= Anh Dao Traxel =

Vietnamese writer

Anh Dao Traxel (Vietnamese spelling: Anh Đào Traxel; born Dương Anh Đào; born 22 August 1957) is the foster daughter of the late French president Jacques Chirac (1932–2019) and his wife Bernadette (1933–2026). She was a boat-person refugee, and met Jacques Chirac, then the Mayor of Paris, at Roissy Airport in 1979. He told her "Don’t cry, ma chérie. You are coming home with us" and took her home. She was then 21 and her adoptive father was 47.

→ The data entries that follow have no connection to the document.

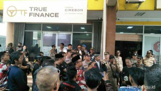 Ratusan anggota Lembaga Swadaya Masyarakat Cakrabuana Indonesia Bersatu (LSM CIB) menggelar aksi unjuk rasa (unras) di kantor leasing True Finance, yang beralamat di komplek Tuparev Super Blok Kedawung kabupaten Cirebon, Senin (16/12/2024).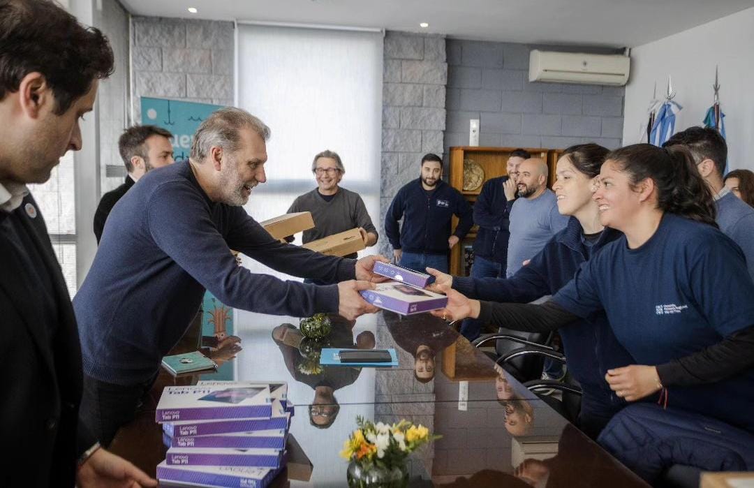 El subsecretario de Asuntos Portuarios, Juan Cruz Lucero, y el director de la Unidad Ejecutora Proyecto Vuce, Rodrigo Puértolas, recorrieron la terminal marplatense. Entregaron notebooks y tablets para el Consorcio Portuario Regional Mar del Plata.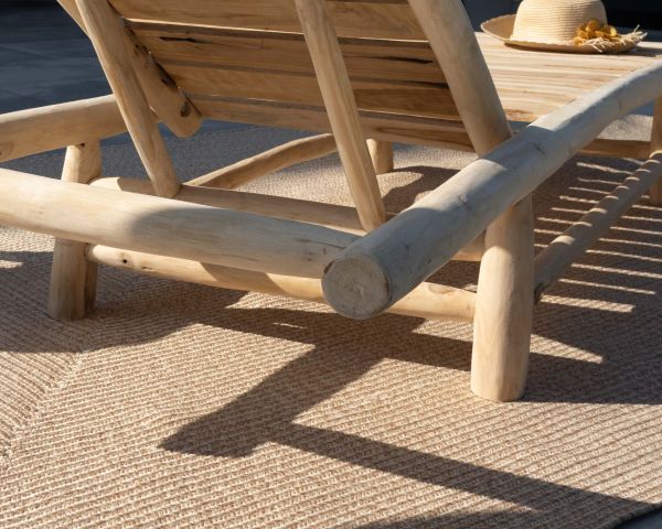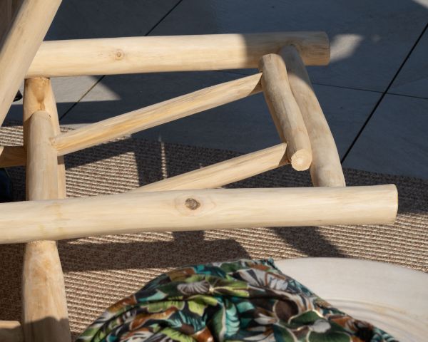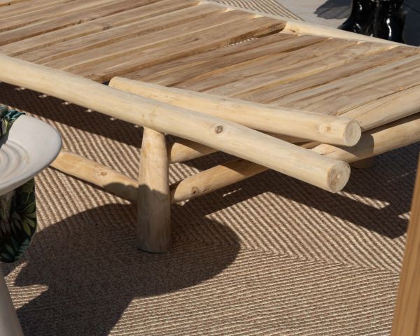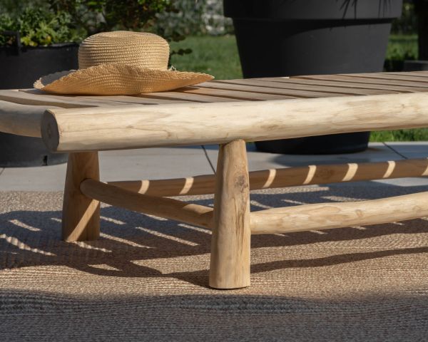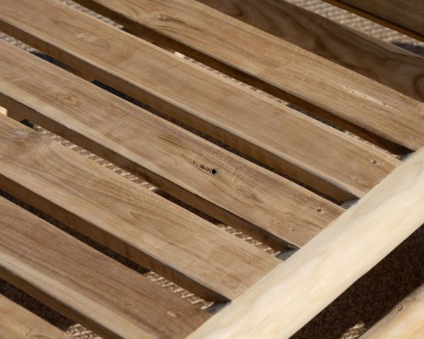 Lettino prendisole in teak sbiancato con finitura ruvida e texture al tatto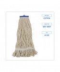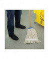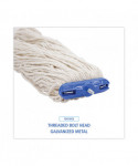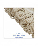 Boardwalk® Lie-Flat Mop Head is constructed from four-ply, premium yarn in looped-end design which sheds less lint, reduces fraying and unraveling. The durable, double-sewn tailband prevents tangles and provides more floor coverage with each stroke. The mop head is designed to lay flat on the floor, providing broad coverage. Built with a plastic, molded cap that contains a metal 1/4-in. threaded bolt head. Lie-flat screw in mop handle sold separately.
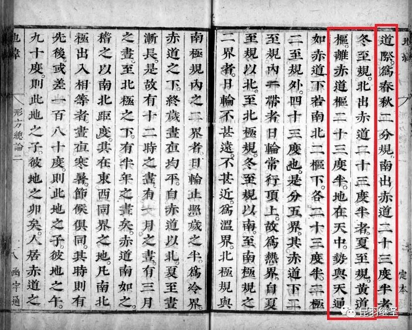“……如赤道下若南北二枢下,各二十三度半。二极二至规外,四十三度也。是分五界。其赤道下,二至规内,一带者日轮常行顶上,故为热界。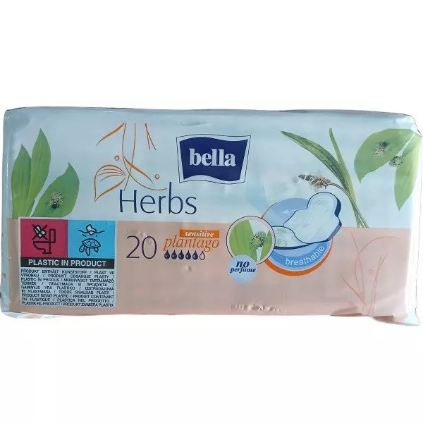 BELLA HERBS SENSITIVE PLANTAGO SERVIETTES HYGIÉNIQUES ABSORBANTES 20U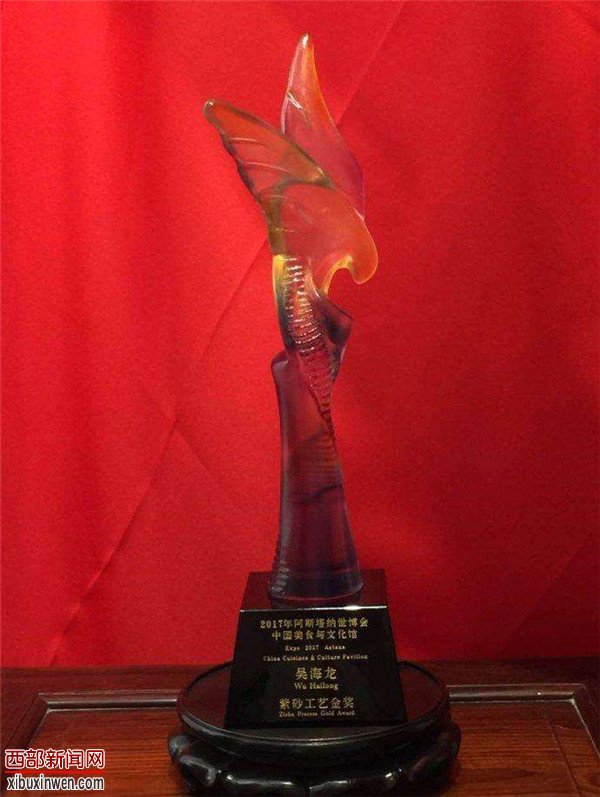 2017年,吴海龙大师凭借着精益求精的工匠精神和深耕紫砂多年的资深制作经验,其作品入选170多个国家总统总理出席的史上政治、艺术层面最高的顶级博览盛会哈萨克斯坦世博会并荣获紫砂工艺金奖、吴海龙大师也被评为2017年哈萨克斯坦世博会"特邀紫砂壶工艺艺术家"称号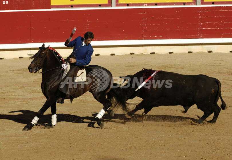 ニュース ライフ スペイン各地で牛追い祭り 2007年7月9日 16:53 発信地:パンプローナ/スペイン [ ヨーロッパ スペイン ] このニュースをシェア ‹ › ❮ 3/16 ❯ 2007年7月6日、パンプロナ(Pamplona)で、牛追い祭り(サン・フェルミン祭、San Fermin)の初日に開催された闘牛。(c)AFP/A. Arrizurieta 画像作成中 ! 【7月9日 AFP】スペインでは伝統的な牛追い祭り(サン・フェルミン祭、San Fermin)が各地で開催されている。北東部の町パンプロナ(Pamplona)では8日、闘牛が行われた。また地中海の港町デニア(Denia)では、牛追い祭りの参加者が牛と一緒に海に飛び込んだ。(c)AFP ライフ 一覧へ> メディア・報道関係・法人の方向け 写真・動画 購入のお問合せ>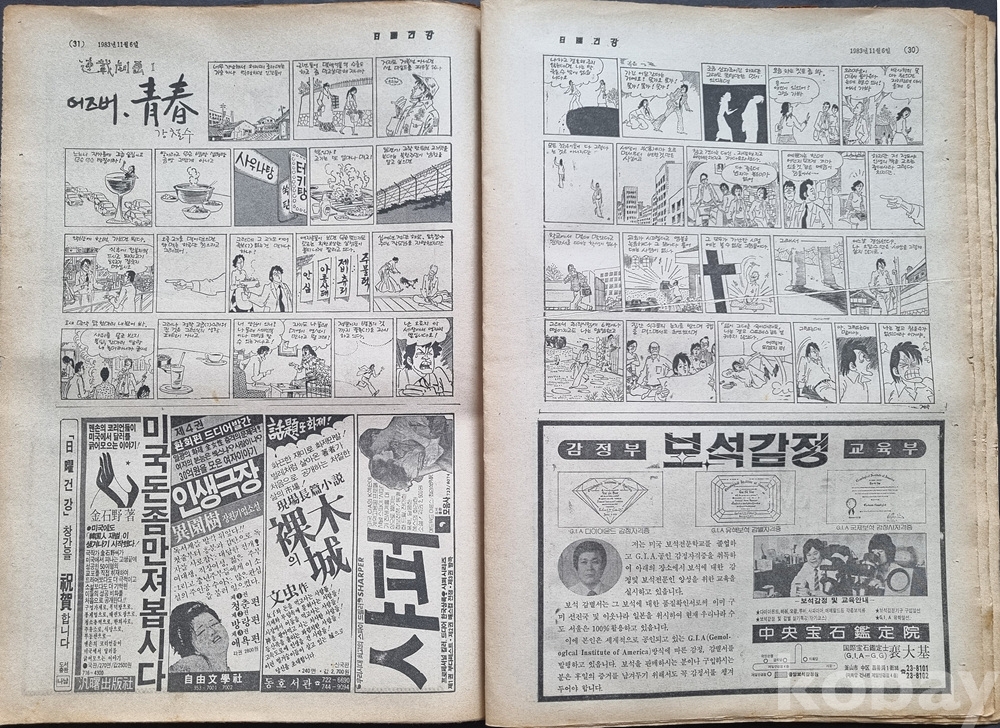 안기태의 '아리송군', 강철수의 '어즈버 청춘' 등 당대 인기 만화가 수록되어 있어 문화사적 가치가 매우 높습니다.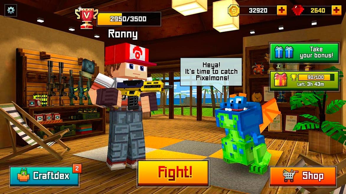 Подключайтесь к режиму многопользовательской игры и бросайте вызов своим друзьям каждый день, чтобы участвовать в сумасшедших сражениях между тоннами игроков. Это будет самая захватывающая и нереально крутая стрелялка на мобильном. Все битвы в Pixelmon стрелялки онлайн будут происходить на огромном острове, где и будут сражаться самые лучшие герои пиксельного мира. Постарайтесь побеждать постоянно, ведь на кону стоят иногда даже легендарные яйца. Будет это автомат или снайперская винтовка не важно, потому что в любом случае вас ждут победа при наличии достаточного опыта. Не жалейте денег на приобретение новеньких пушек, чтобы наконец стать обладателем новых пиксельмонов.Информация об игре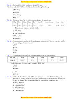 Câu 12. Kết quả thí nghiệm về nhiệt độ bắt đầu đông đặc của nước của 4 bạn học sinh được ghi lại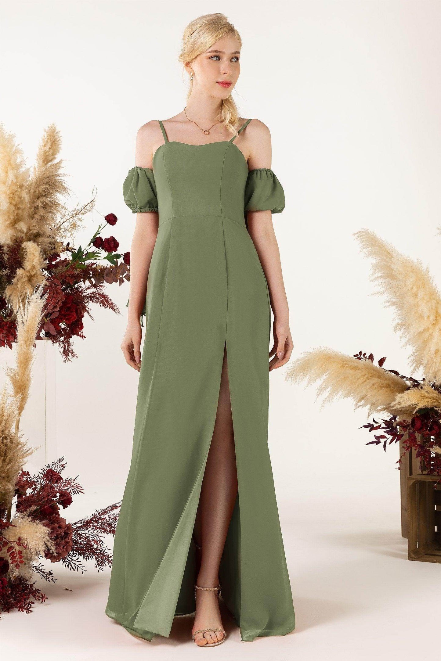 This bridesmaid dress merges elegance with lightness. Soft chiffon fabric glows subtly, while spaghetti straps and sleeveless design enhance comfort.The A-line skirt extends to a sweep train, gracefully shaping the figure. The natural waist defines the waist elegantly, and the back zipper ensures a flawless fit.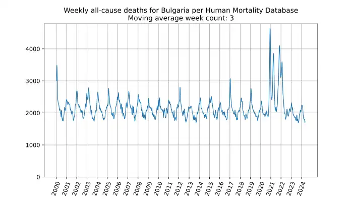 Weekly all-cause deaths in Bulgaria, based on mortality.org data, stmf.csv[2], 3-week moving average: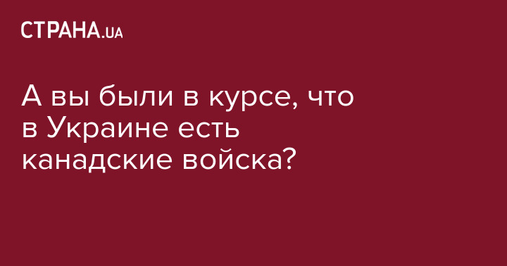 А вы были в курсе, что в Украине имеются канадские войска, да ещё в количестве, чтобы их можно было где-то дислоцировать и передислоцировать?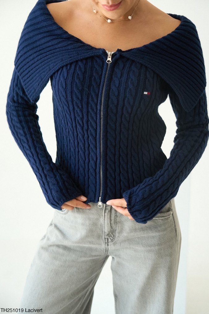 Tommy hilfiger Kadın Lacivert Örgü Fermuarlı Triko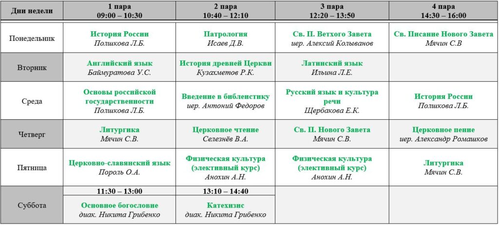 Расписание богослужений

She spent two years in the home of the Chiracs. Traxel was married twice. Her second husband, Emmanuel Traxel, is a police lieutenant. She has four children, Bernard-Jacques, Laurence-Claude, Jacques and Cassandre. The children called Jacques Chirac Grandpa. She is now the president of a European association of assistance to the families of civil servants who died during their service (Étoile européenne du dévouement civil et militaire).

==Awards and honours==

===French honours===
- Légion d'honneur, Chevalier (Knight) — since 2009.

===Foreign honours===
- Commandeur de l'Étoile de Mohéli (Comoros)
- Chevalier de l'Étoile de la Grande Comore (known as Saïd Ali).